Listing 3.7 Creating a materialized view based on six tables (Oracle)
CREATE MATERIALIZED VIEW SalesSummary TABLESPACE TABLESPACE1 BUILD IMMEDIATE REFRESH FAST ON DEMAND AS SELECT SUM(t1.Sales) AS Sales, SUM(t1.Cost * t1.Quantity) AS Cost, SUM(t1.Quantity) AS Quantity, SUM(t1.GrossProfit) AS GrossProfit, t5.RegionName AS RegionName, t5.CountryCode AS CountryCode, t6.ProductTypeCode AS ProductTypeCode, t4.CurrentYear AS CurrentYear, t4.CurrentQuarter AS CurrentQuarter, t4.CurrentMonth AS CurrentMonth FROM Sales AS t1 INNER JOIN Retailer AS t2 ON t1.RetailerId = t2.RetailerId INNER JOIN Product AS t3 ON t1.ProductId = t3.ProductId INNER JOIN datTime AS t4 ON t1.OrderDay = t4.DayKey INNER JOIN Region AS t5 ON t2.RetailerCountryCode = t5.CountryCode INNER JOIN ProductType AS t6 ON t3.ProductTypeId = t6.ProductTypeId GROUP BY t5.RegionName, t5.CountryCode, t6.ProductTypeCode, t4.CurrentYear, t4.CurrentQuarter, t4.CurrentMonth;
Although SQL Server does not directly support materialized views, the fact that you can create indexes on views has a similar effect, and thus you can use indexed views in a similar manner.
Note that there can be some negative aspects to summary tables as well, such as the following:
Each summary table occupies storage.
The administrative work (triggers, constraints, stored procedures) may need to exist on both the original table and any summary tables.
You need to know in advance what users want to query in order to precompute the required aggregations and include them in the summary tables.
You may need multiple summary tables if you need different groupings or filters applied.
You may need to set up a schedule to manage the refresh of the summary tables.
You may need to manage the periodicity of the summary tables via SQL. For example, if the summary table is supposed to show the past 12 months, you need a way to remove data that is more than a year old from the table.

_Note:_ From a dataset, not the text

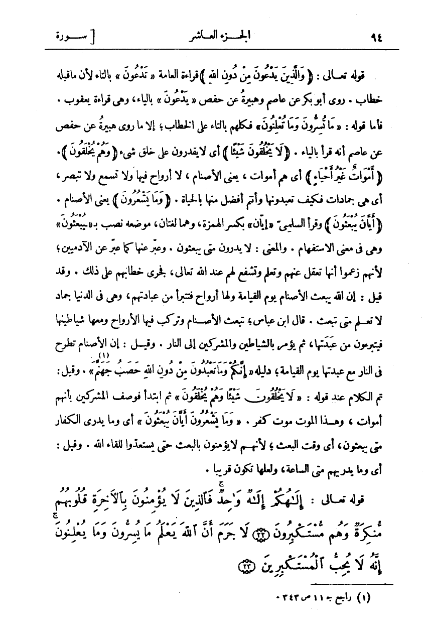 قَوْلُهُ تَعَالَى: (وَالَّذِينَ يَدْعُونَ مِنْ دُونِ اللَّهِ) قِرَاءَةُ الْعَامَّةِ" تَدْعُونَ" بِالتَّاءِ لِأَنَّ مَا قَبْلَهُ خِطَابٌ. رَوَى أَبُو بَكْرٍ عَنْ عَاصِمٍ وَهُبَيْرَةَ عَنْ حَفْصٍ" يَدْعُونَ" بِالْيَاءِ، وَهِيَ قِرَاءَةُ يَعْقُوبَ. فَأَمَّا قَوْلُهُ:" مَا تُسِرُّونَ وَما تُعْلِنُونَ" فَكُلُّهُمْ بِالتَّاءِ عَلَى الْخِطَابِ، إِلَّا مَا رَوَى هُبَيْرَةُ عَنْ حَفْصٍ عَنْ عَاصِمٍ أَنَّهُ قَرَأَ بِالْيَاءِ. (لَا يَخْلُقُونَ شَيْئاً) أَيْ لَا يَقْدِرُونَ عَلَى خلق شي (وَهُمْ يُخْلَقُونَ). (أَمْواتٌ غَيْرُ أَحْياءٍ) أَيْ هُمْ أَمْوَاتٌ، يَعْنِي الْأَصْنَامَ، لَا أَرْوَاحَ فِيهَا وَلَا تَسْمَعُ وَلَا تُبْصِرُ، أَيْ هِيَ جَمَادَاتٌ فَكَيْفَ تَعْبُدُونَهَا وَأَنْتُمْ أَفْضَلُ مِنْهَا بِالْحَيَاةِ. (وَما يَشْعُرُونَ) يَعْنِي الْأَصْنَامَ. (أَيَّانَ يُبْعَثُونَ) وَقَرَأَ السُّلَمِيُّ،" إِيَّانَ" بِكَسْرِ الْهَمْزَةِ، وَهُمَا لُغَتَانِ، مَوْضِعُهُ نُصِبَ بِ" يُبْعَثُونَ" وَهِيَ فِي مَعْنَى الِاسْتِفْهَامِ. وَالْمَعْنَى: لَا يَدْرُونَ مَتَى يُبْعَثُونَ. وَعَبَّرَ عَنْهَا كَمَا عَبَّرَ عَنِ الْآدَمِيِّينَ، لِأَنَّهُمْ زَعَمُوا أَنَّهَا تَعْقِلُ عَنْهُمْ وَتَعْلَمُ وَتَشْفَعُ لَهُمْ عِنْدَ اللَّهِ تَعَالَى، فَجَرَى خِطَابُهُمْ عَلَى ذَلِكَ. وَقَدْ قِيلَ: إِنَّ اللَّهَ يَبْعَثُ الْأَصْنَامَ يَوْمَ الْقِيَامَةِ وَلَهَا أَرْوَاحٌ فَتَتَبَرَّأُ مِنْ عِبَادَتِهِمْ، وَهِيَ فِي الدُّنْيَا جَمَادٌ لَا تَعْلَمُ مَتَى تُبْعَثُ. قَالَ ابْنُ عَبَّاسٍ، تُبْعَثُ الْأَصْنَامُ وَتُرَكَّبُ فِيهَا الْأَرْوَاحُ وَمَعَهَا شَيَاطِينُهَا فَيَتَبَرَّءُونَ مِنْ عَبَدَتِهَا، ثُمَّ يُؤْمَرُ بِالشَّيَاطِينِ وَالْمُشْرِكِينَ إِلَى النَّارِ. وَقِيلَ: إِنَّ الْأَصْنَامَ تُطْرَحُ فِي النَّارِ مَعَ عَبَدَتِهَا يَوْمَ الْقِيَامَةِ، دَلِيلُهُ" إِنَّكُمْ وَما تَعْبُدُونَ مِنْ دُونِ اللَّهِ حَصَبُ جَهَنَّمَ «١» ". وَقِيلَ: تَمَّ الْكَلَامُ عِنْدَ قَوْلِهِ:" لَا يَخْلُقُونَ شَيْئاً وَهُمْ يُخْلَقُونَ" ثُمَّ ابْتَدَأَ فَوَصَفَ الْمُشْرِكِينَ بِأَنَّهُمْ أَمْوَاتٌ، وَهَذَا الْمَوْتُ مَوْتُ كُفْرٍ." وَما يَشْعُرُونَ أَيَّانَ يُبْعَثُونَ" أَيْ وَمَا يَدْرِي الْكُفَّارُ مَتَى يُبْعَثُونَ، أَيْ وَقْتَ الْبَعْثِ، لِأَنَّهُمْ لَا يُؤْمِنُونَ بِالْبَعْثِ حَثَى يَسْتَعِدُّوا لِلِقَاءِ اللَّهِ. وَقِيلَ: أَيْ وَمَا يُدْرِيهِمْ مَتَى السَّاعَةُ، وَلَعَلَّهَا تَكُونُ قَرِيبًا.

One possible suggestion to avoid some of the increased administrative costs of having redundant triggers, constraints, and stored procedures is to use what Ken Henderson referred to as inline summarization in his book The Guru’s Guide to Transact-SQL (Addison-Wesley, 2000). This involves adding aggregation columns to the existing table. You would use an INSERT INTO SQL statement to aggregate data and store those aggregations in the same table. Columns that are not part of the aggregated data would be set to a known value (such as NULL or some fixed date). An advantage of doing inline summarization is that the summary and the detail data can be easily queried together or separately. The summarized records are easily identified by the known values in certain columns, but other than that, they are indistinguishable from the detail records. However, this approach necessitates that all queries on the table containing both detail and summary data be written appropriately.
Things to Remember
Storing summarized data can help minimize the processing required for aggregation.
Using tables to store the summarized data allows you to index fields containing the aggregated data for more efficient queries on aggregates.
Summarization works best on tables that are more or less static. If the source tables change too often, the overhead of summarization may be too great.
Triggers can be used to perform summarization, but a stored procedure to rebuild the summary table is usually better.